## The data

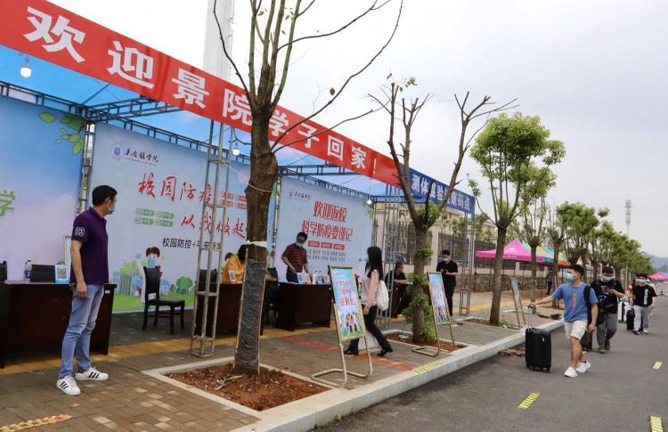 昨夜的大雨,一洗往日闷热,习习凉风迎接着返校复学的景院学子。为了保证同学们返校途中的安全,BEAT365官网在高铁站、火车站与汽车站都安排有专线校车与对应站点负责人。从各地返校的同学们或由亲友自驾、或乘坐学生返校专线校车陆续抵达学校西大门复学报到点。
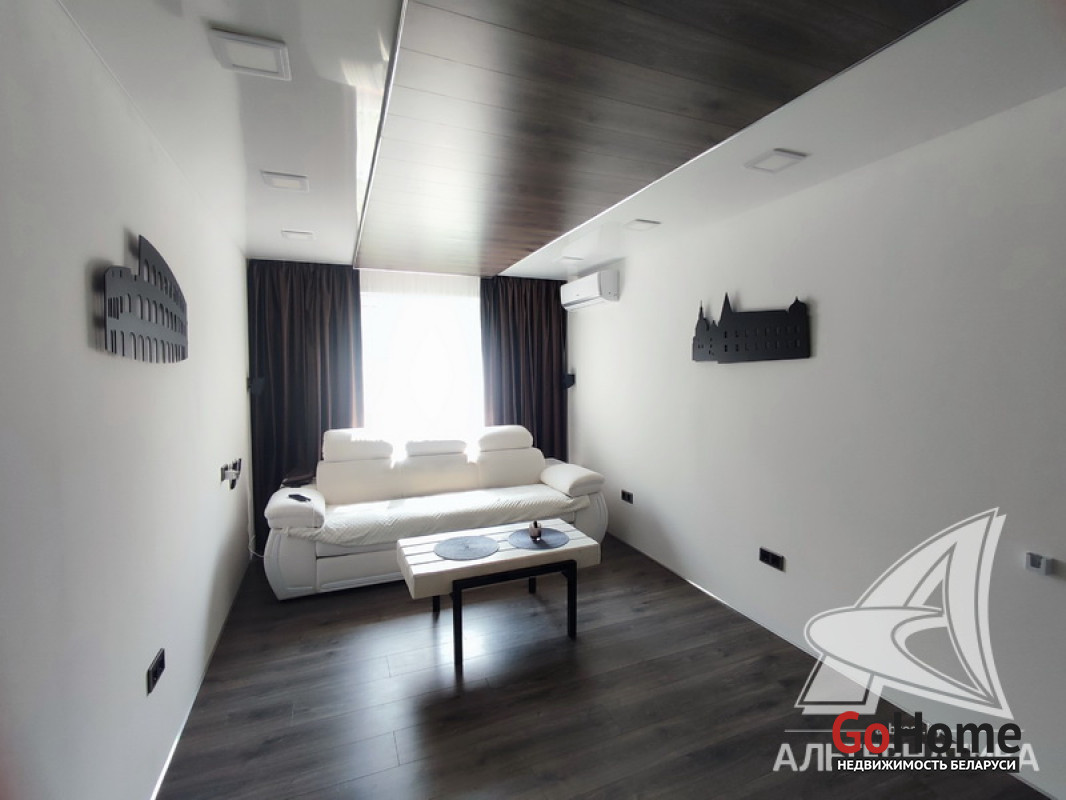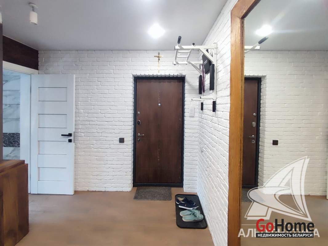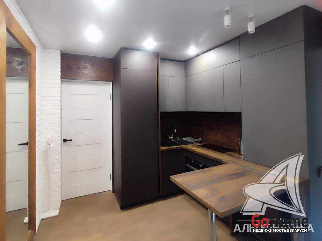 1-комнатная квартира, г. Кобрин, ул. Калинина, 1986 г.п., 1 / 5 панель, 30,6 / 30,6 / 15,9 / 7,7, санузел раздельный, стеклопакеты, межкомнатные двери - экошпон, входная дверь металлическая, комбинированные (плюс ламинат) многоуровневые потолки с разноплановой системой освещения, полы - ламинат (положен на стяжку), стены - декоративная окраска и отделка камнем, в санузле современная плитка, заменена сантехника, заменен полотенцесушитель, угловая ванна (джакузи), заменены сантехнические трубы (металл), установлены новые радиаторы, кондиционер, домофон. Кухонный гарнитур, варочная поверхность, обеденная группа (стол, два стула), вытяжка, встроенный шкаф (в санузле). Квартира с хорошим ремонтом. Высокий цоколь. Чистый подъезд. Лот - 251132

==

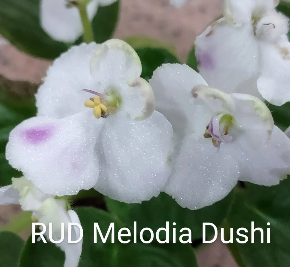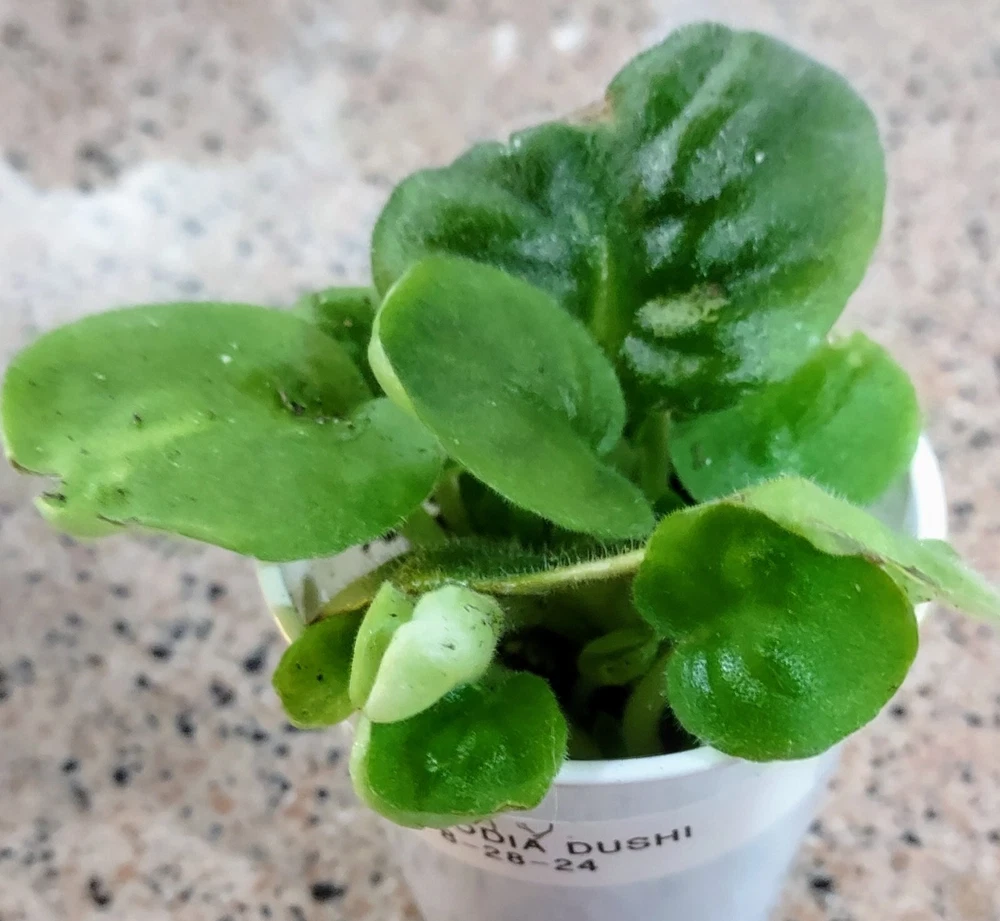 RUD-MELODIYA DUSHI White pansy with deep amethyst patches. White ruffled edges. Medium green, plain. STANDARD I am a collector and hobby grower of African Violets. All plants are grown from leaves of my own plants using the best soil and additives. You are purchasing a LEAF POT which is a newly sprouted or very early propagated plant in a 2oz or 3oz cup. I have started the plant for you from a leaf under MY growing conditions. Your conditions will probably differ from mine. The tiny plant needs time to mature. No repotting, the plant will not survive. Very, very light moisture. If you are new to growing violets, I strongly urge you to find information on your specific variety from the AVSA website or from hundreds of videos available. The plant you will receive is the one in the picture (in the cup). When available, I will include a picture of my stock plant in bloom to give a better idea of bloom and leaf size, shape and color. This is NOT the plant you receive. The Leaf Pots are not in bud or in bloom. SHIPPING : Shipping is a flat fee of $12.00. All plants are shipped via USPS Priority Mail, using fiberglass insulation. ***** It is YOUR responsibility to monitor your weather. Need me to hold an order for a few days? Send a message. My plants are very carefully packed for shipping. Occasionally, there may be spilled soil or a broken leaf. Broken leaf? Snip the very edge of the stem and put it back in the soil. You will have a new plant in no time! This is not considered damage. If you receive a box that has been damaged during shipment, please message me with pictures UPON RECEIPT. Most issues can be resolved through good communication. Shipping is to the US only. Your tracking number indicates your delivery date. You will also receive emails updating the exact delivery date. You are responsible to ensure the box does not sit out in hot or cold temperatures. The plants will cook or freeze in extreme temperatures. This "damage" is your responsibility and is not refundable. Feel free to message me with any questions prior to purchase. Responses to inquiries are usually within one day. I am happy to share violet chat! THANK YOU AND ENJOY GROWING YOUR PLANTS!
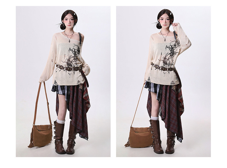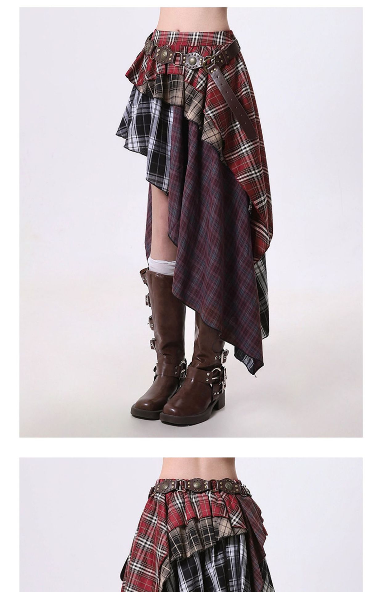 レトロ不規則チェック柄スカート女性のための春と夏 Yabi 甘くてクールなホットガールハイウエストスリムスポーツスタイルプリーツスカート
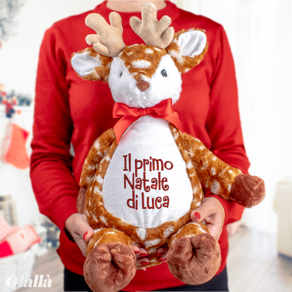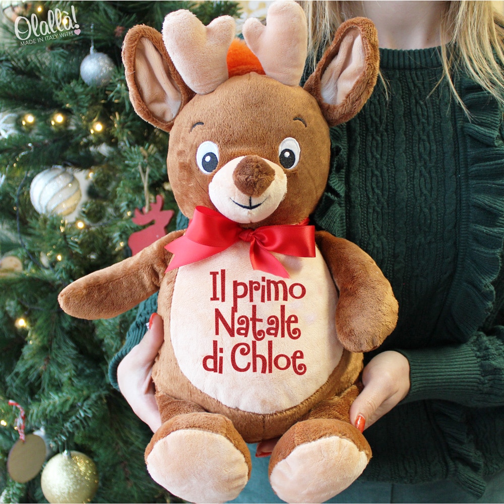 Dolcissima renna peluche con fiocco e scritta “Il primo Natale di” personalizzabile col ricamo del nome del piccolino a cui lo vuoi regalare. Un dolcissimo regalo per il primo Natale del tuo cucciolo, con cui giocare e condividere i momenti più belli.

## Work order
What you need to produce is an exact copy of the entries above, limited to the lines from the one with "昨夜的大雨,一洗往日闷热,习" up to and including the one with "1-комнатная квартира, г.", without pictures.

## Finished task
 昨夜的大雨,一洗往日闷热,习习凉风迎接着返校复学的景院学子。为了保证同学们返校途中的安全,BEAT365官网在高铁站、火车站与汽车站都安排有专线校车与对应站点负责人。从各地返校的同学们或由亲友自驾、或乘坐学生返校专线校车陆续抵达学校西大门复学报到点。
 1-комнатная квартира, г. Кобрин, ул. Калинина, 1986 г.п., 1 / 5 панель, 30,6 / 30,6 / 15,9 / 7,7, санузел раздельный, стеклопакеты, межкомнатные двери - экошпон, входная дверь металлическая, комбинированные (плюс ламинат) многоуровневые потолки с разноплановой системой освещения, полы - ламинат (положен на стяжку), стены - декоративная окраска и отделка камнем, в санузле современная плитка, заменена сантехника, заменен полотенцесушитель, угловая ванна (джакузи), заменены сантехнические трубы (металл), установлены новые радиаторы, кондиционер, домофон. Кухонный гарнитур, варочная поверхность, обеденная группа (стол, два стула), вытяжка, встроенный шкаф (в санузле). Квартира с хорошим ремонтом. Высокий цоколь. Чистый подъезд. Лот - 251132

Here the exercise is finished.